**WHAT YOU ARE ASKED TO DO**
Repeat exactly the lines below from the line that contains "Структуру образцов катализаторов" to the last line, inclusive, without the pictures.

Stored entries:

......

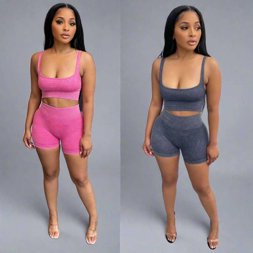Get ready to turn heads and make a statement with our Washed Seamless Basic Tank Top and Shorts Set. Add it to your cart now and experience the perfect blend of fashion and comfort!
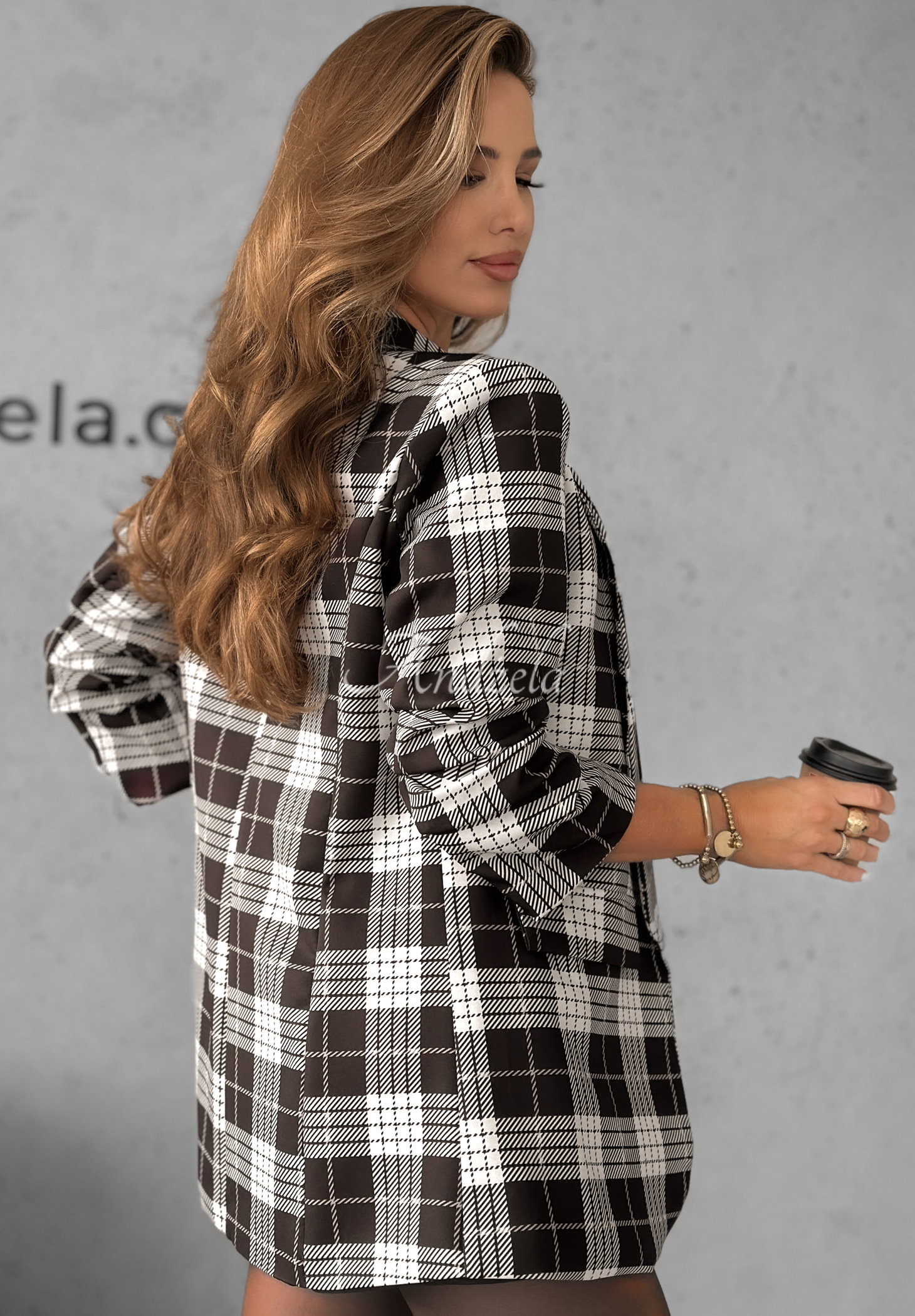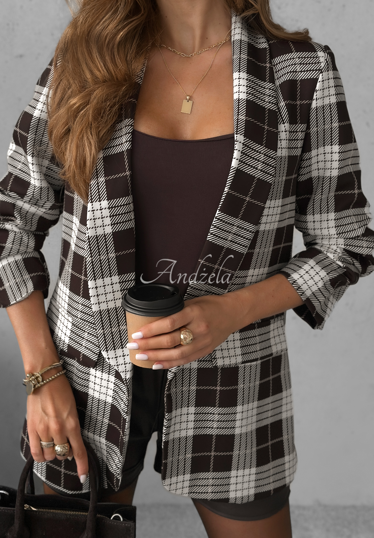 Viskózové sako so štýlovým károvaným vzorom. Tento klasický strih s otvoreným predným dielom má kratšie, nariasené rukávy. Má golier a podšívku a vpredu falošné vrecká.
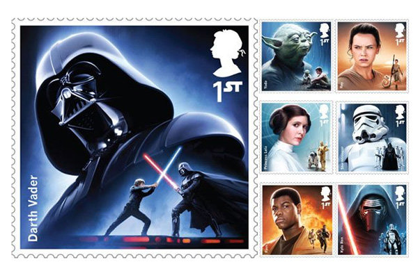 شرکت پست سلطنتی بریتانیا به مناسبت ساخته شدن «جنگ ستارگان: نیرو بیدار میشود» تازهترین فیلم از مجموعه فیلمهای جنگ ستارگان، ۱۸ تمبر جدید منتشر کرد.
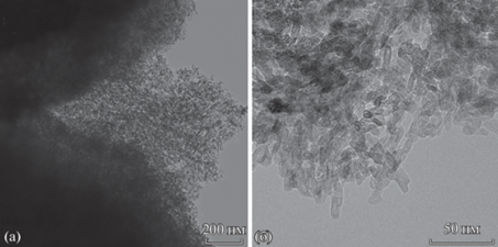 Структуру образцов катализаторов исследовали методом просвечивающей электронной микроскопии высокого разрешения (ПЭМВР) на двухкорректорном просвечивающем электронном микроскопе ThemisZ (Thermo Fisher Scientific, США) c ускоряющим напряжением 200 кВ. Прибор оснащен энергодисперсионным спектрометром рентгеновского характеристического излучения (EDX) SuperX (Thermo Fisher Scientific, США) с полупроводниковым Si-детектором с разрешением по энергии 128 эВ.
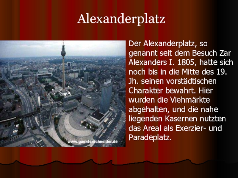 Der Alexanderplatz, so genannt seit dem Besuch Zar Alexanders I. 1805,
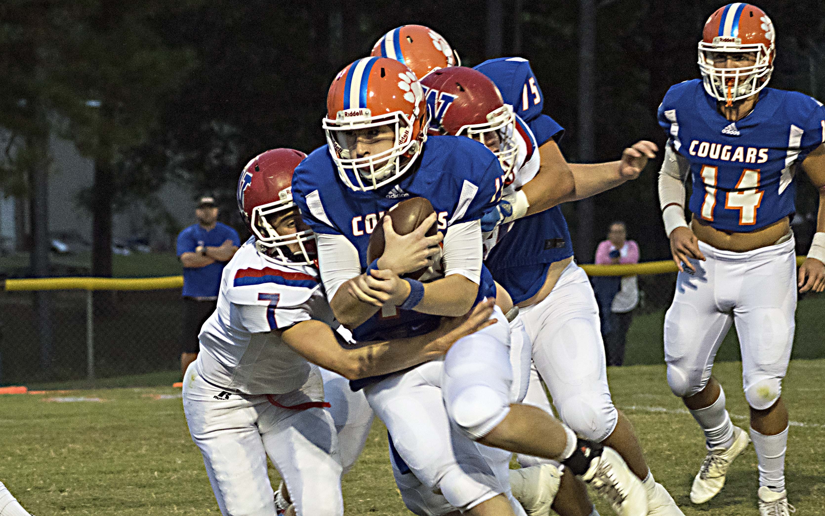 In Friday night’s opening round win over Wayne, the Cougars were led by an explosive, efficient offense and an opportunistic defense that had two pick-sixes from Aaron Thomas and one from Harrison Hartzog.
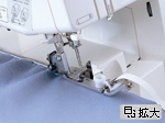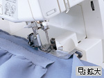 ニット地など伸縮素材のまつりぬいをする時に使います。たち目かがりと裾上げが同時にできます。
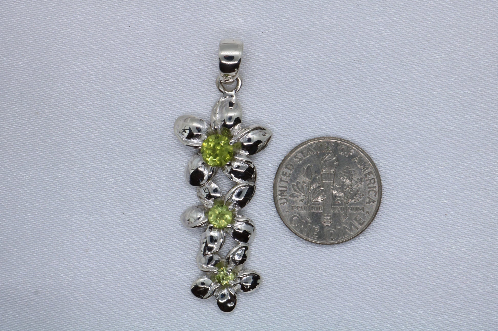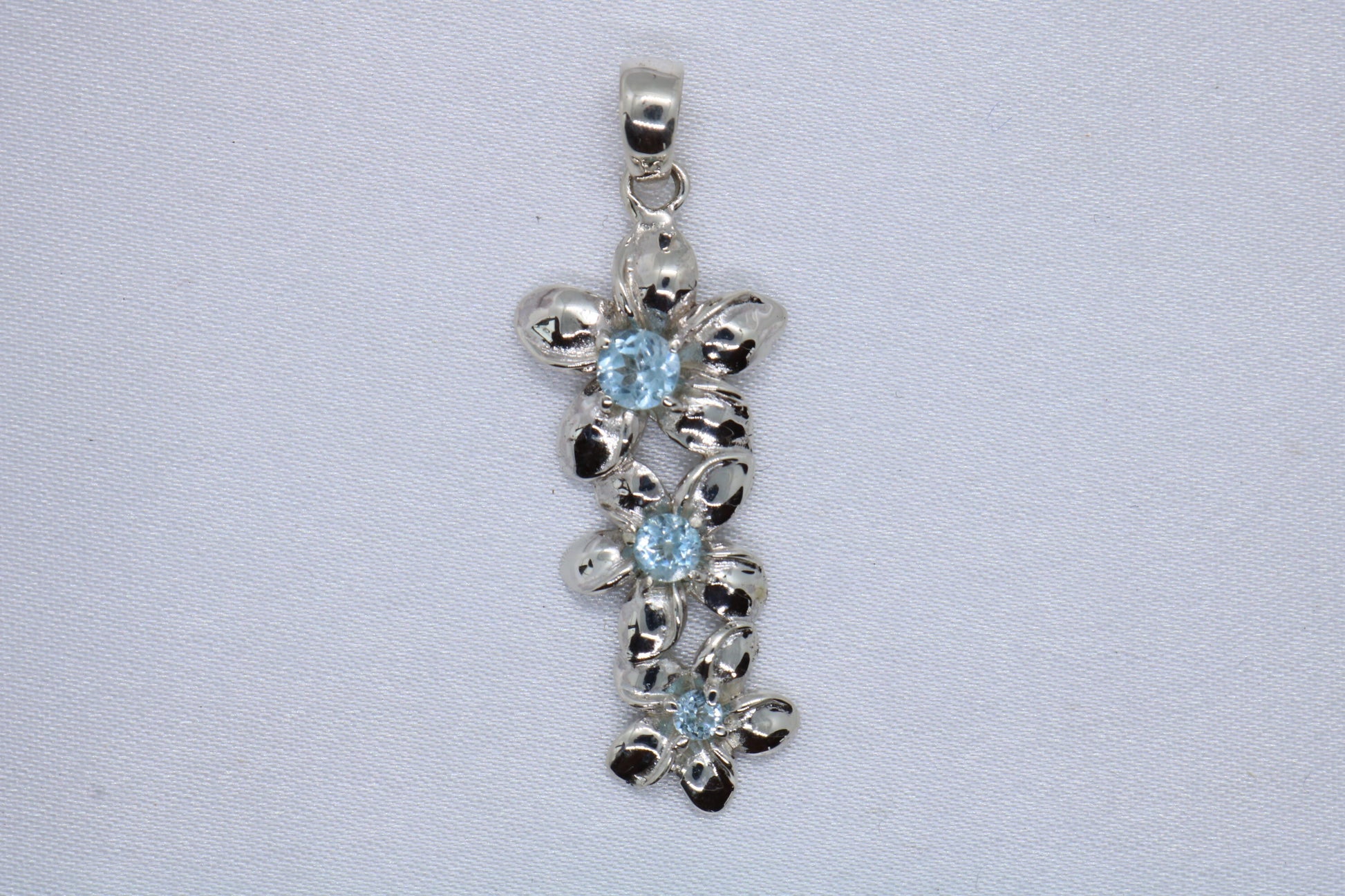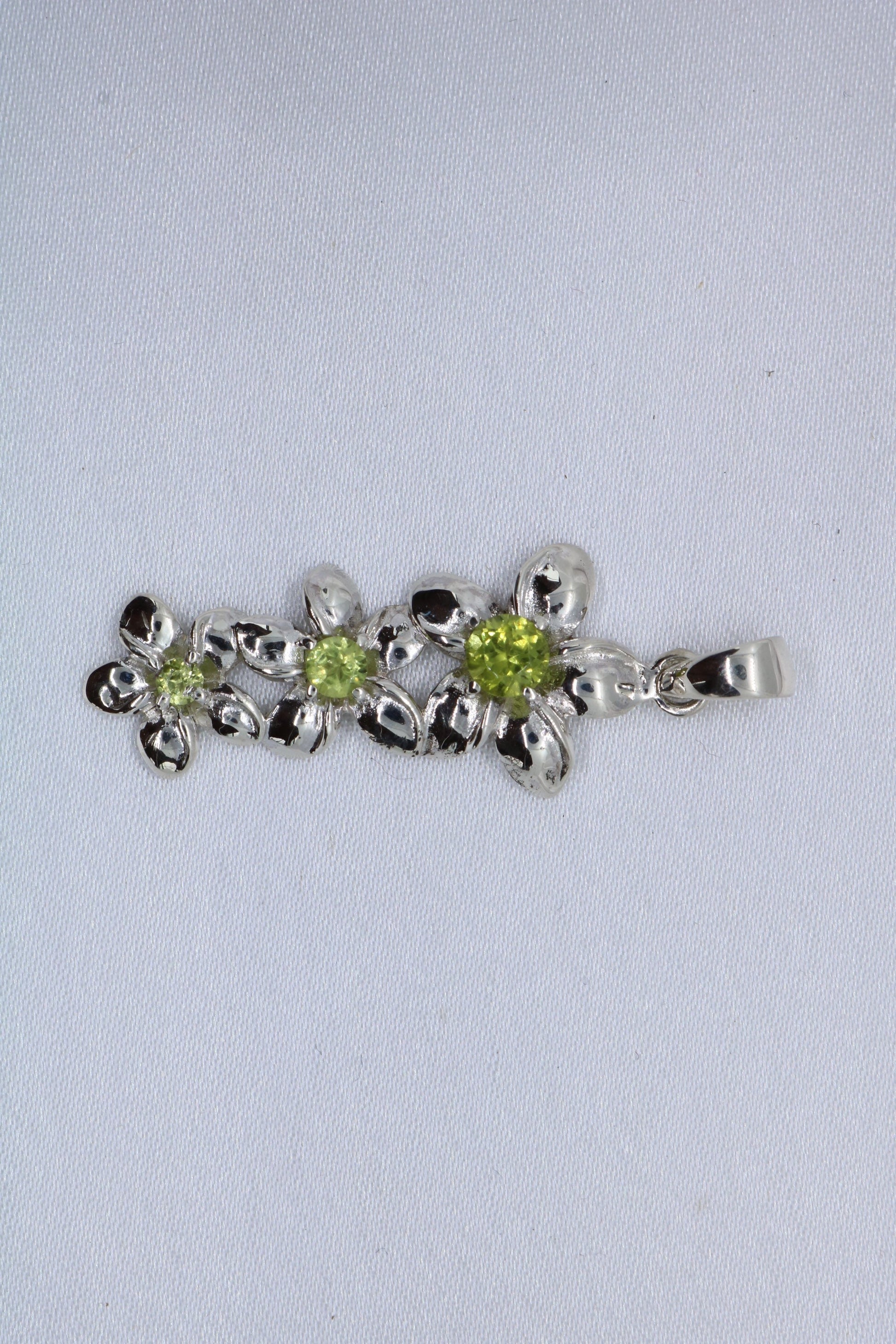 Plumeria triple flowers pendant. Silver, peridot, or blue topaz.

......

**OUTPUT BELOW**
 Структуру образцов катализаторов исследовали методом просвечивающей электронной микроскопии высокого разрешения (ПЭМВР) на двухкорректорном просвечивающем электронном микроскопе ThemisZ (Thermo Fisher Scientific, США) c ускоряющим напряжением 200 кВ. Прибор оснащен энергодисперсионным спектрометром рентгеновского характеристического излучения (EDX) SuperX (Thermo Fisher Scientific, США) с полупроводниковым Si-детектором с разрешением по энергии 128 эВ.
 Der Alexanderplatz, so genannt seit dem Besuch Zar Alexanders I. 1805,
 In Friday night’s opening round win over Wayne, the Cougars were led by an explosive, efficient offense and an opportunistic defense that had two pick-sixes from Aaron Thomas and one from Harrison Hartzog.
 ニット地など伸縮素材のまつりぬいをする時に使います。たち目かがりと裾上げが同時にできます。
 Plumeria triple flowers pendant. Silver, peridot, or blue topaz.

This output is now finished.